[Your goal]
Leaving every picture out, repeat all of the entries below exactly.

•••••

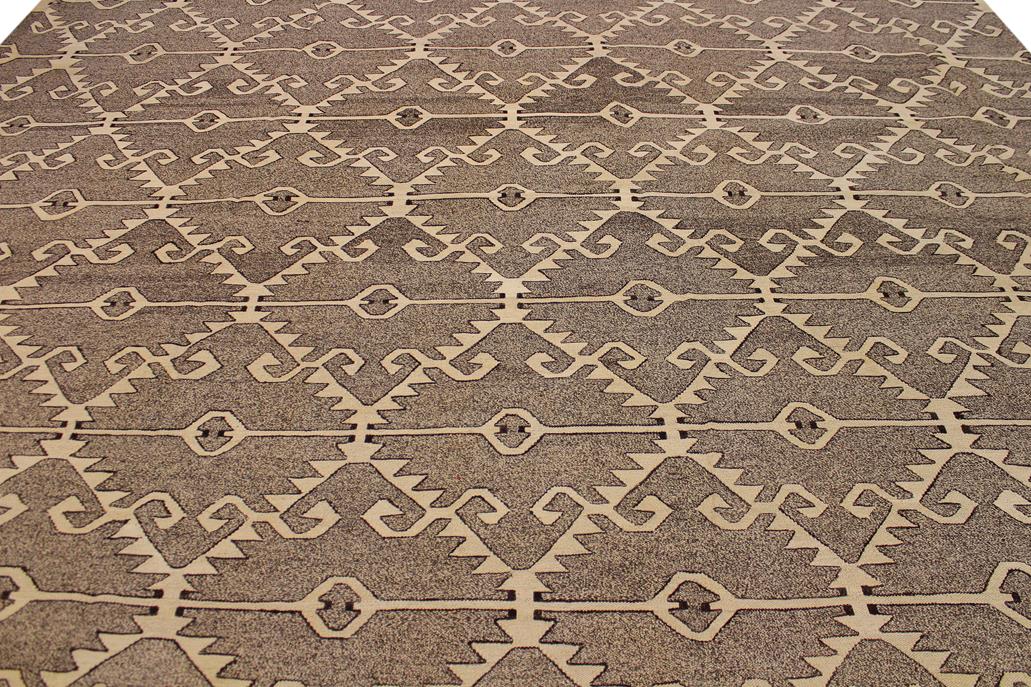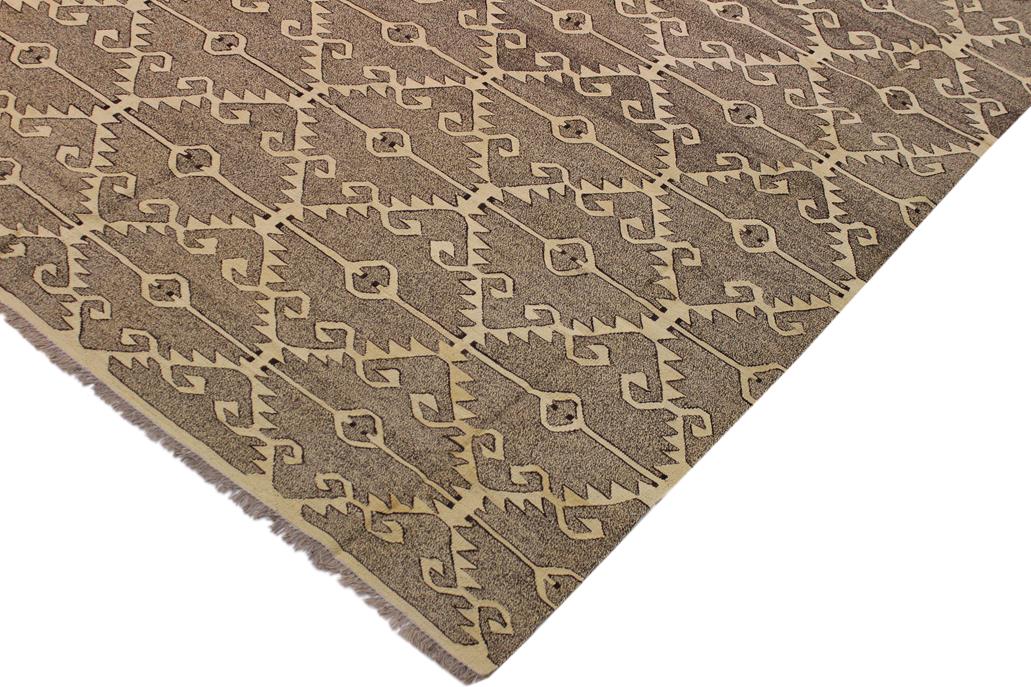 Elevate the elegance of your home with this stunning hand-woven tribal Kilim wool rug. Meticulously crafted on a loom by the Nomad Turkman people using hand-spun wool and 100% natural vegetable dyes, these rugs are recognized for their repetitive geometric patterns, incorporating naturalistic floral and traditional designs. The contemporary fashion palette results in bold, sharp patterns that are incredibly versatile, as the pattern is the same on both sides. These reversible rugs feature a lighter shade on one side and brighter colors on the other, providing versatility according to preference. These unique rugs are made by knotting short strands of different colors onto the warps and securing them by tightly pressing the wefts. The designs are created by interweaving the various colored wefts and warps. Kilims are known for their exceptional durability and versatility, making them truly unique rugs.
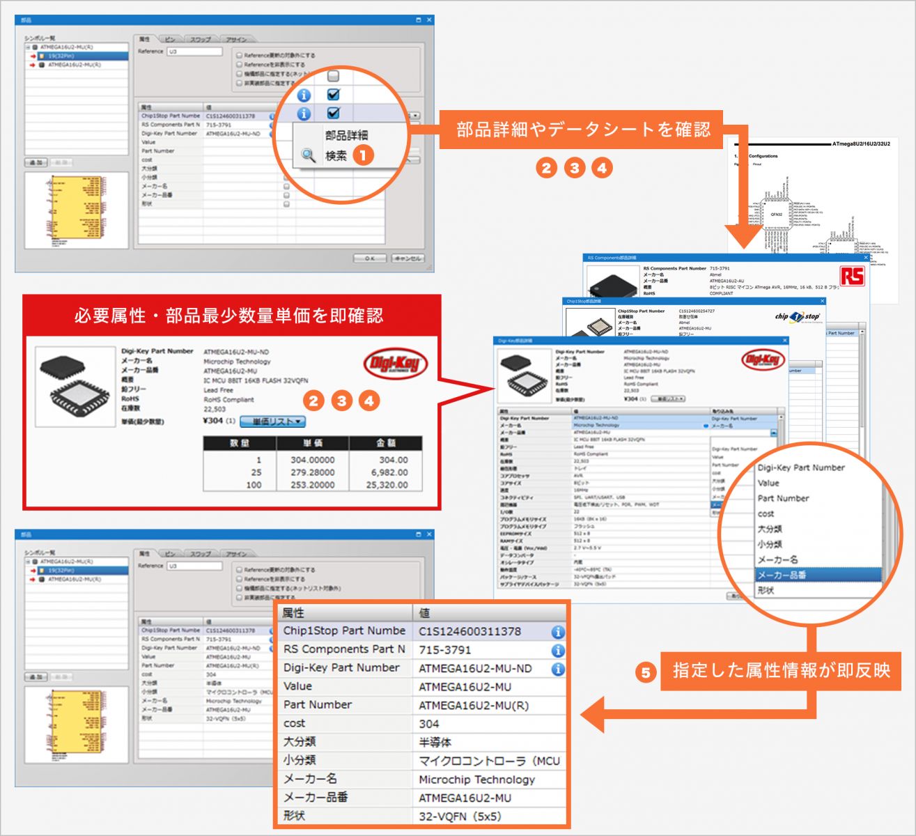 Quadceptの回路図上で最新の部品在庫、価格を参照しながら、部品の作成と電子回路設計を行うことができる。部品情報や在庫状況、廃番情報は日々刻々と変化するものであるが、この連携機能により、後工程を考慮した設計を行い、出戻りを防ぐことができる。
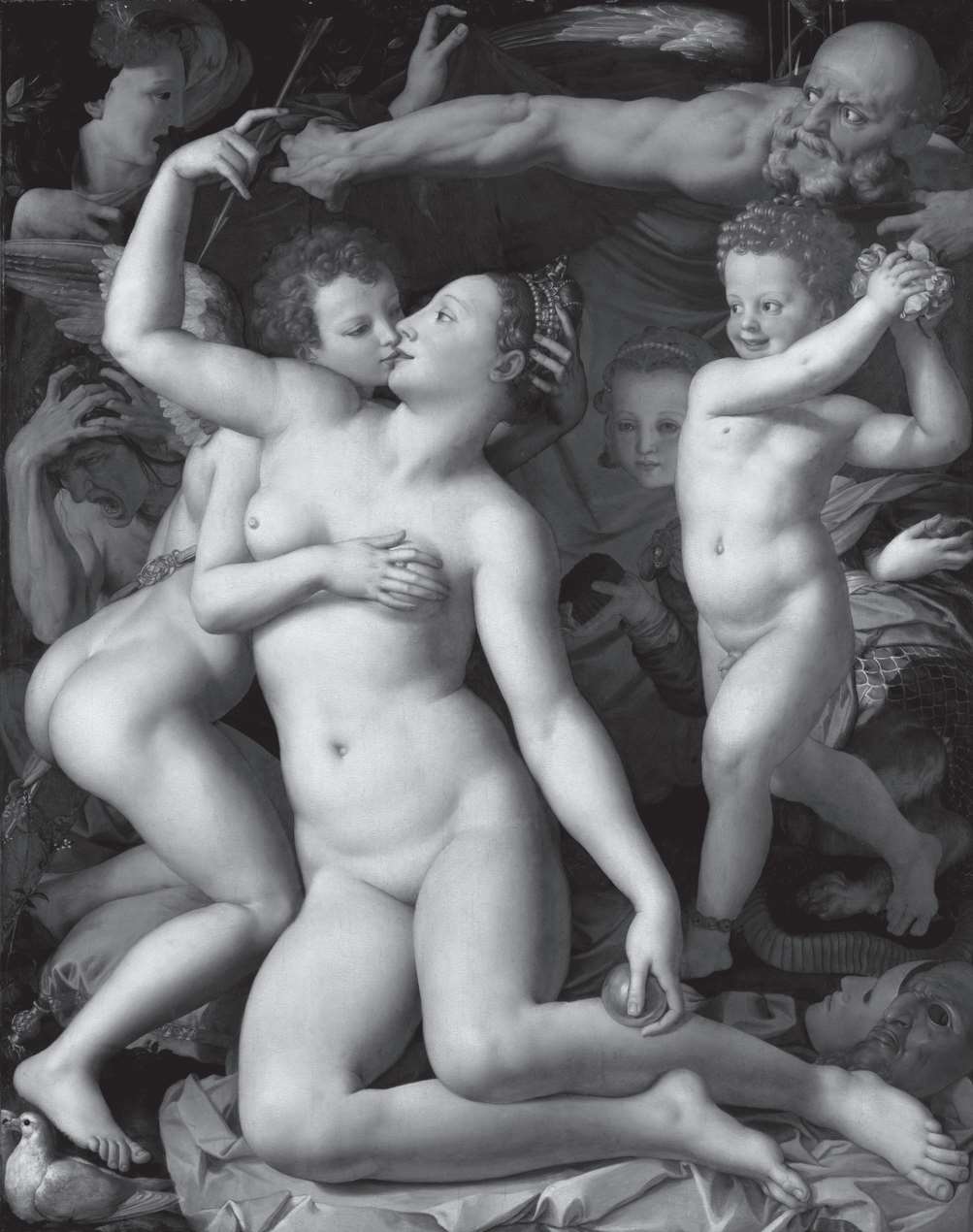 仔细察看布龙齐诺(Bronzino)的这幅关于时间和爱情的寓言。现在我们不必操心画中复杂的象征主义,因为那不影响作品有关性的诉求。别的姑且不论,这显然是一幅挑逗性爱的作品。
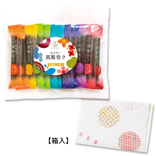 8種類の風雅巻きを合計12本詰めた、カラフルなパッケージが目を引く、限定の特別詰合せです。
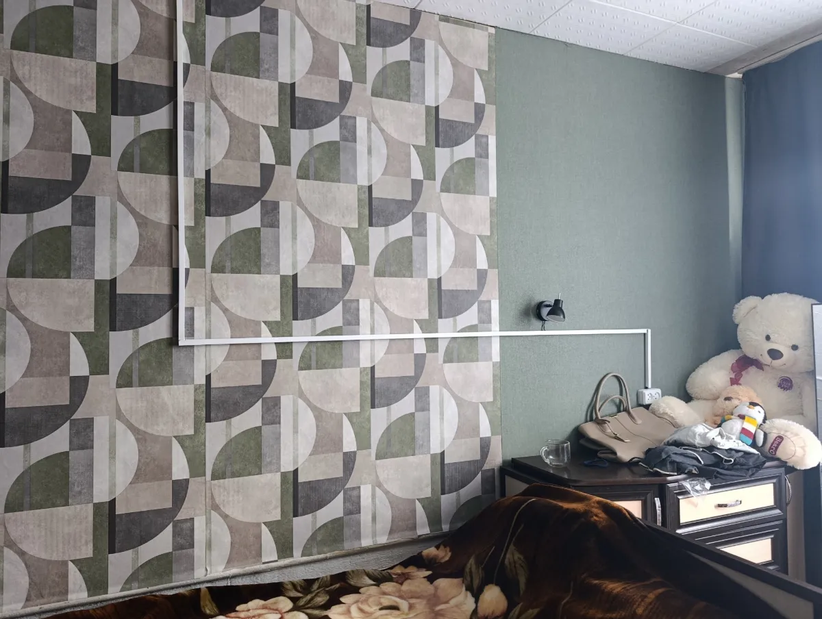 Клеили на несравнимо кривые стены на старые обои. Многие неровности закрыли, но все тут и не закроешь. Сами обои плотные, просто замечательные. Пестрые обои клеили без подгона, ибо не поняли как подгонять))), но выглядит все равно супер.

•••••

[Solution to this task]
 Elevate the elegance of your home with this stunning hand-woven tribal Kilim wool rug. Meticulously crafted on a loom by the Nomad Turkman people using hand-spun wool and 100% natural vegetable dyes, these rugs are recognized for their repetitive geometric patterns, incorporating naturalistic floral and traditional designs. The contemporary fashion palette results in bold, sharp patterns that are incredibly versatile, as the pattern is the same on both sides. These reversible rugs feature a lighter shade on one side and brighter colors on the other, providing versatility according to preference. These unique rugs are made by knotting short strands of different colors onto the warps and securing them by tightly pressing the wefts. The designs are created by interweaving the various colored wefts and warps. Kilims are known for their exceptional durability and versatility, making them truly unique rugs.
 Quadceptの回路図上で最新の部品在庫、価格を参照しながら、部品の作成と電子回路設計を行うことができる。部品情報や在庫状況、廃番情報は日々刻々と変化するものであるが、この連携機能により、後工程を考慮した設計を行い、出戻りを防ぐことができる。
 仔细察看布龙齐诺(Bronzino)的这幅关于时间和爱情的寓言。现在我们不必操心画中复杂的象征主义,因为那不影响作品有关性的诉求。别的姑且不论,这显然是一幅挑逗性爱的作品。
 8種類の風雅巻きを合計12本詰めた、カラフルなパッケージが目を引く、限定の特別詰合せです。
 Клеили на несравнимо кривые стены на старые обои. Многие неровности закрыли, но все тут и не закроешь. Сами обои плотные, просто замечательные. Пестрые обои клеили без подгона, ибо не поняли как подгонять))), но выглядит все равно супер.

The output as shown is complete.